Leave the pictures out, and transcribe the material below exactly from the line with "Vinage 秋スーツ緩いひだラペルブラウストップス +" to the line with "Москва. 15 февраля.", both lines included.

## Source data
========

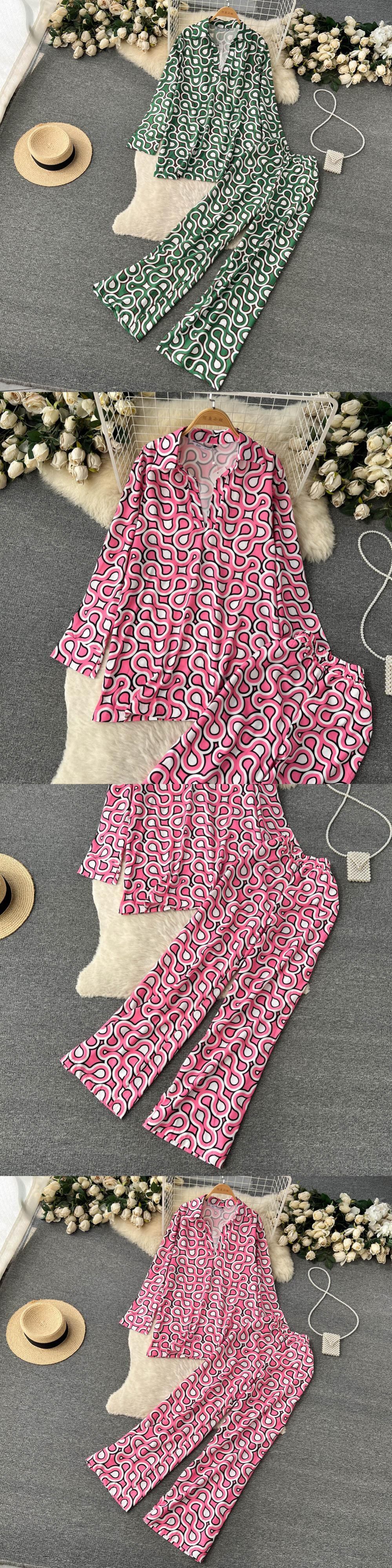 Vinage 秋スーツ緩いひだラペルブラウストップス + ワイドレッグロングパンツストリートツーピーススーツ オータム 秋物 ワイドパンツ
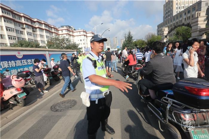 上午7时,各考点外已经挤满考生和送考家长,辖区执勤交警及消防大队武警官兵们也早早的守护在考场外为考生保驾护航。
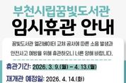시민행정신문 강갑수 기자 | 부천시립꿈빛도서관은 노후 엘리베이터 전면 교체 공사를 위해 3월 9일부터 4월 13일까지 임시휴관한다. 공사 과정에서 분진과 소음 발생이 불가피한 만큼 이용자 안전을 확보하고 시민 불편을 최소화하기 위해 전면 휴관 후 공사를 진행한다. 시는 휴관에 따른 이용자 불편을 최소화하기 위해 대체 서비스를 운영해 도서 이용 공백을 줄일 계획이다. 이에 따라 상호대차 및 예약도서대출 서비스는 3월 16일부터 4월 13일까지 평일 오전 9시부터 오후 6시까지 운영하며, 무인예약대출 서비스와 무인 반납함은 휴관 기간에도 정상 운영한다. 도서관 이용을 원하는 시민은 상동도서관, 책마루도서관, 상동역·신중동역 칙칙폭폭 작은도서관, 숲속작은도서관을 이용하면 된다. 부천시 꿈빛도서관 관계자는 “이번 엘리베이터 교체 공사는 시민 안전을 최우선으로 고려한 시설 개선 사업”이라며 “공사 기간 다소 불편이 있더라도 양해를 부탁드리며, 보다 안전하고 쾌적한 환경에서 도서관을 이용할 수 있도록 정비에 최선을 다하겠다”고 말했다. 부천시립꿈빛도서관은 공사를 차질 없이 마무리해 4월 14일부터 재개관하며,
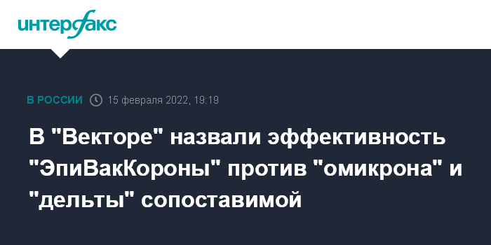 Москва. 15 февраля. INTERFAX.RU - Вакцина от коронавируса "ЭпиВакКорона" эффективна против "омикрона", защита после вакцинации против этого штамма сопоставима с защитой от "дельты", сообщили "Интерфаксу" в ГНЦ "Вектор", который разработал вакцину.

========

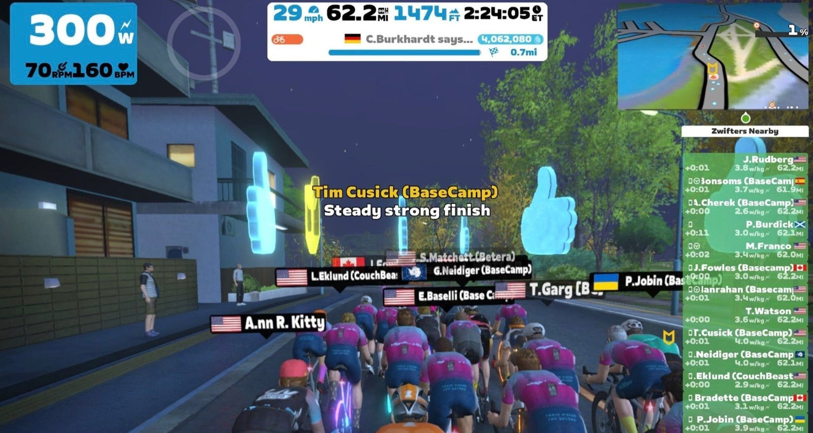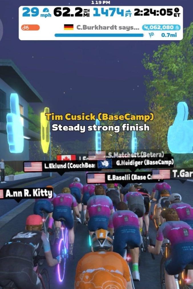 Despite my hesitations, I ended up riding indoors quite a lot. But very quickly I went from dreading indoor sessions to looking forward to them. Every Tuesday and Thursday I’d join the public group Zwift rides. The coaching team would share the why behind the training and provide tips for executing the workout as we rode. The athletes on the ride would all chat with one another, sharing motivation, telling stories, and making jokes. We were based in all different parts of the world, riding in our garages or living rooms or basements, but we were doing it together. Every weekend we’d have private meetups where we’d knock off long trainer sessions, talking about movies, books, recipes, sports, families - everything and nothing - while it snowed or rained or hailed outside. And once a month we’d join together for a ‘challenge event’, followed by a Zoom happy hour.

========

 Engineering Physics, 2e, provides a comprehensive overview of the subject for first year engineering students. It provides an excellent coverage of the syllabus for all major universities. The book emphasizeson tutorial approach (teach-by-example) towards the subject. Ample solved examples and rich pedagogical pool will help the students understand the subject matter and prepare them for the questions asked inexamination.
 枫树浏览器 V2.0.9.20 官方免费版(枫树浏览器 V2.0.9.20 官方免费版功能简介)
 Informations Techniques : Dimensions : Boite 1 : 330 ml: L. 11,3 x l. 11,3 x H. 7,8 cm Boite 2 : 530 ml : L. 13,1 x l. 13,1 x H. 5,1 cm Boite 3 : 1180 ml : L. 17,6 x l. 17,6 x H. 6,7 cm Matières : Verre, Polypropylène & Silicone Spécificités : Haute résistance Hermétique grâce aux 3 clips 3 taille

========

## Your solution
 Vinage 秋スーツ緩いひだラペルブラウストップス + ワイドレッグロングパンツストリートツーピーススーツ オータム 秋物 ワイドパンツ
 上午7时,各考点外已经挤满考生和送考家长,辖区执勤交警及消防大队武警官兵们也早早的守护在考场外为考生保驾护航。
시민행정신문 강갑수 기자 | 부천시립꿈빛도서관은 노후 엘리베이터 전면 교체 공사를 위해 3월 9일부터 4월 13일까지 임시휴관한다. 공사 과정에서 분진과 소음 발생이 불가피한 만큼 이용자 안전을 확보하고 시민 불편을 최소화하기 위해 전면 휴관 후 공사를 진행한다. 시는 휴관에 따른 이용자 불편을 최소화하기 위해 대체 서비스를 운영해 도서 이용 공백을 줄일 계획이다. 이에 따라 상호대차 및 예약도서대출 서비스는 3월 16일부터 4월 13일까지 평일 오전 9시부터 오후 6시까지 운영하며, 무인예약대출 서비스와 무인 반납함은 휴관 기간에도 정상 운영한다. 도서관 이용을 원하는 시민은 상동도서관, 책마루도서관, 상동역·신중동역 칙칙폭폭 작은도서관, 숲속작은도서관을 이용하면 된다. 부천시 꿈빛도서관 관계자는 “이번 엘리베이터 교체 공사는 시민 안전을 최우선으로 고려한 시설 개선 사업”이라며 “공사 기간 다소 불편이 있더라도 양해를 부탁드리며, 보다 안전하고 쾌적한 환경에서 도서관을 이용할 수 있도록 정비에 최선을 다하겠다”고 말했다. 부천시립꿈빛도서관은 공사를 차질 없이 마무리해 4월 14일부터 재개관하며,
 Москва. 15 февраля. INTERFAX.RU - Вакцина от коронавируса "ЭпиВакКорона" эффективна против "омикрона", защита после вакцинации против этого штамма сопоставима с защитой от "дельты", сообщили "Интерфаксу" в ГНЦ "Вектор", который разработал вакцину.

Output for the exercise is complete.